それでも隠し切れない苛立ちを声に滲ませてしまったのは、翔真がそこまでの状態になる前に、どうして止めてくれなかったのかという思いがあったからだ。
「あーもうっ!」
駅を飛び出ると、真大は目的のビルへダッシュした。
ここは真大の普段の行動範囲の中にはなかったが、翔真と隼人のバイト先から最寄りの駅だから、何度か足を運んだことがあって、隼人に言われた店も、地図アプリなんか開かなくたってすぐに分かるのだ。
嬉しくないことにエレヴェータは最上階に停まっていて、真大は1つ舌打ちをする。
今のうちに、もうすぐ着くと電話でも入れようか…なんて思ってスマホを取り出せば、逆に翔真から――――いや、翔真の番号からの着信がいくつかあった。
どうせ早く来いという隼人からの催促の電話だろう。
真大はあえて掛け直すことはせず、ようやく到着したエレヴェータに乗り込んだ。
エレヴェータの扉が開くと、両手にジョッキを抱えた店員が「いらっしゃいませ~!」と元気よく挨拶し、さらに別の店員が、「何名様ですか~!」と飛んで来る。
「いえ、ツレがもう来てて…」
と言ったところで、真大はこのそこそこ広いフロアの中で、翔真と隼人を探すのは厄介だな、気付く。

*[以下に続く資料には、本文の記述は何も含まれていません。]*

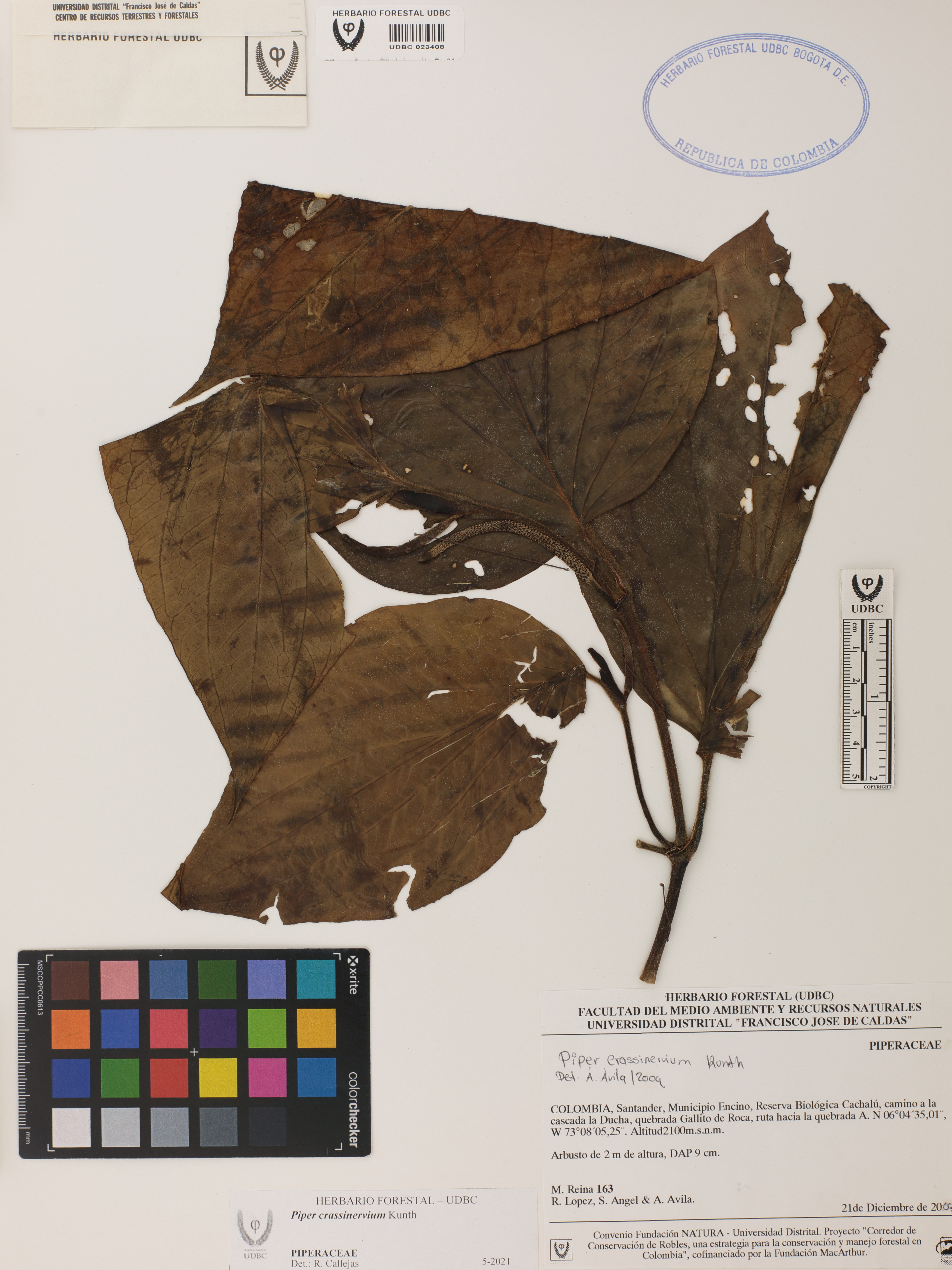 Fotografía del ejemplar Reina, M. 163, determinado como Piper crassinervium en el año 2021

見通しよくテーブルが並べられているわけではなく、それぞれの席が仕切られているから、もし自力で翔真たちを探すとなったら、その一つひとつを覗いていかなければならないのだ。
「あー……えっと、電話してみますね?」
店員に翔真や隼人の名前を言ったところで、案内してもらえるとは思えない。それよりかは自分で隼人に電話して場所を聞いたほうが、はるかに速そうだ。
真大は店員に会釈しつつ、スマホを取り出す。着信を知らせるランプが点滅している。そういえばさっき電話があったんだっけ。もしかして、自分たちの席を伝えたくて電話して来たんだろうか。
1度のコールが終わらないうちに、電話は繋がった。
「もしも…」
『おっそい! どこいんだよっ! 早く来いよ!』
「………………」
騒がしい店内でも、はっきりと耳に届く隼人からの暴言。静めていた怒りが再燃しそうだ。
というか、いくら店の中がうるさくても、これだけ大きな声を出せば、周りにも聞こえるだろうし、悪い意味で注目を集めそう。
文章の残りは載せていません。